### Your instructions:
The material below holds pictures, which are to be left out; copy exactly the lines from the one with "顺着海岸线一路走来,就能看到" through the one with "Murais de parede".

### Input for this task:

:::

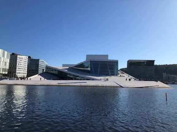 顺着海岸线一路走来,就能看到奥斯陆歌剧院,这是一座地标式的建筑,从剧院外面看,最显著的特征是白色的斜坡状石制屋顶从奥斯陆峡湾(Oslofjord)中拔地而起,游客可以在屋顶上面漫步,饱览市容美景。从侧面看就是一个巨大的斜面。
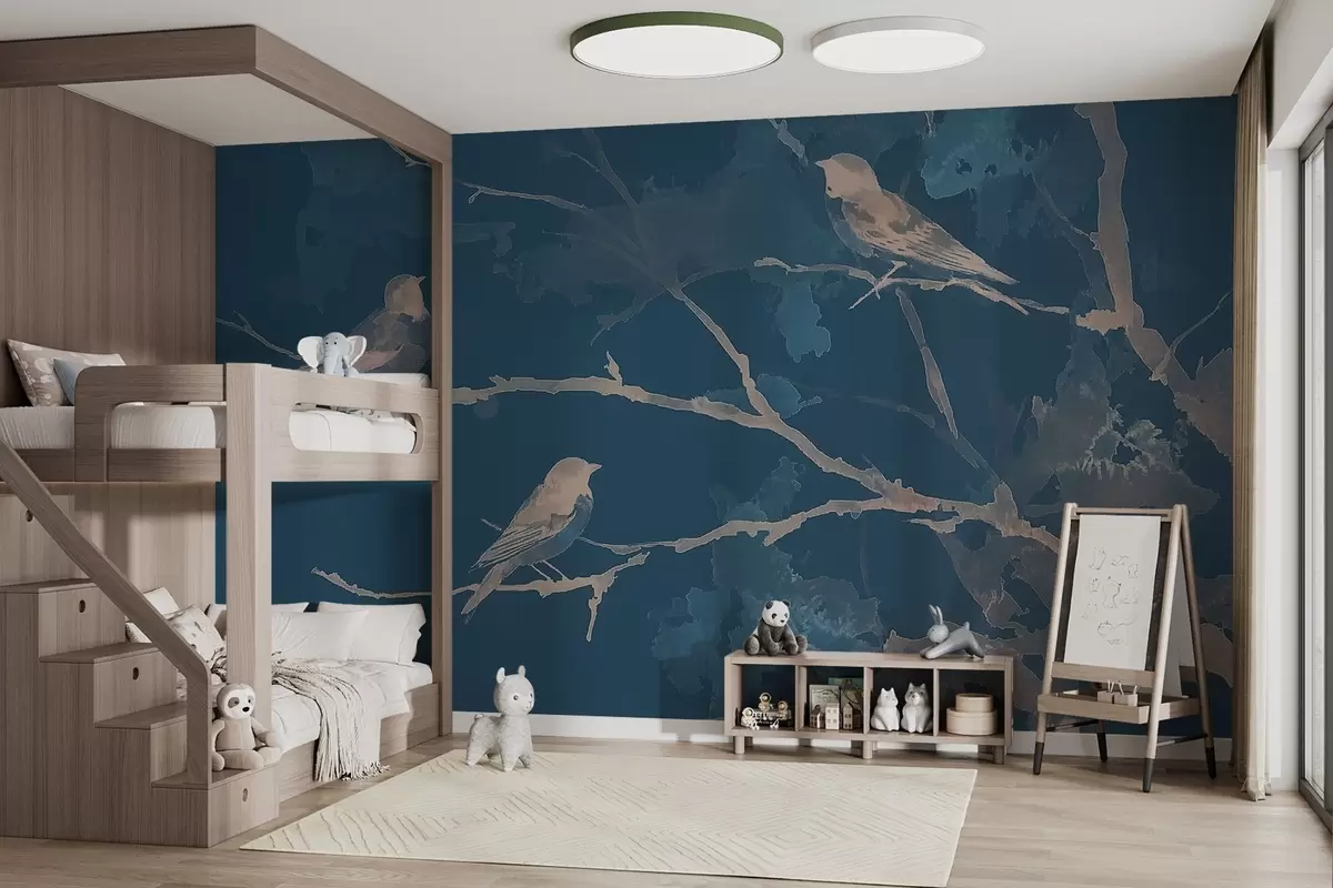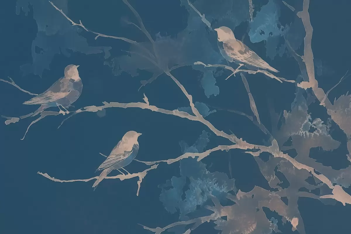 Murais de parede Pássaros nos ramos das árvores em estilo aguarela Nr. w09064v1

:::

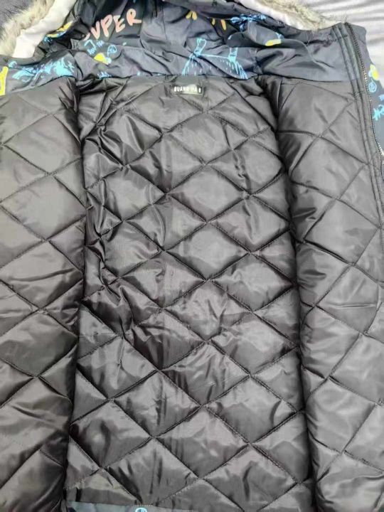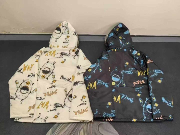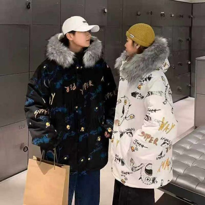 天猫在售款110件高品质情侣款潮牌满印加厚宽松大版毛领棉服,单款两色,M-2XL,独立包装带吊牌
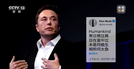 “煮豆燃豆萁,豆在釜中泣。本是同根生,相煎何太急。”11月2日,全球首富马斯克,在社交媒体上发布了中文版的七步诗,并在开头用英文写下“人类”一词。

:::

### Written answer:
 顺着海岸线一路走来,就能看到奥斯陆歌剧院,这是一座地标式的建筑,从剧院外面看,最显著的特征是白色的斜坡状石制屋顶从奥斯陆峡湾(Oslofjord)中拔地而起,游客可以在屋顶上面漫步,饱览市容美景。从侧面看就是一个巨大的斜面。
 Murais de parede Pássaros nos ramos das árvores em estilo aguarela Nr. w09064v1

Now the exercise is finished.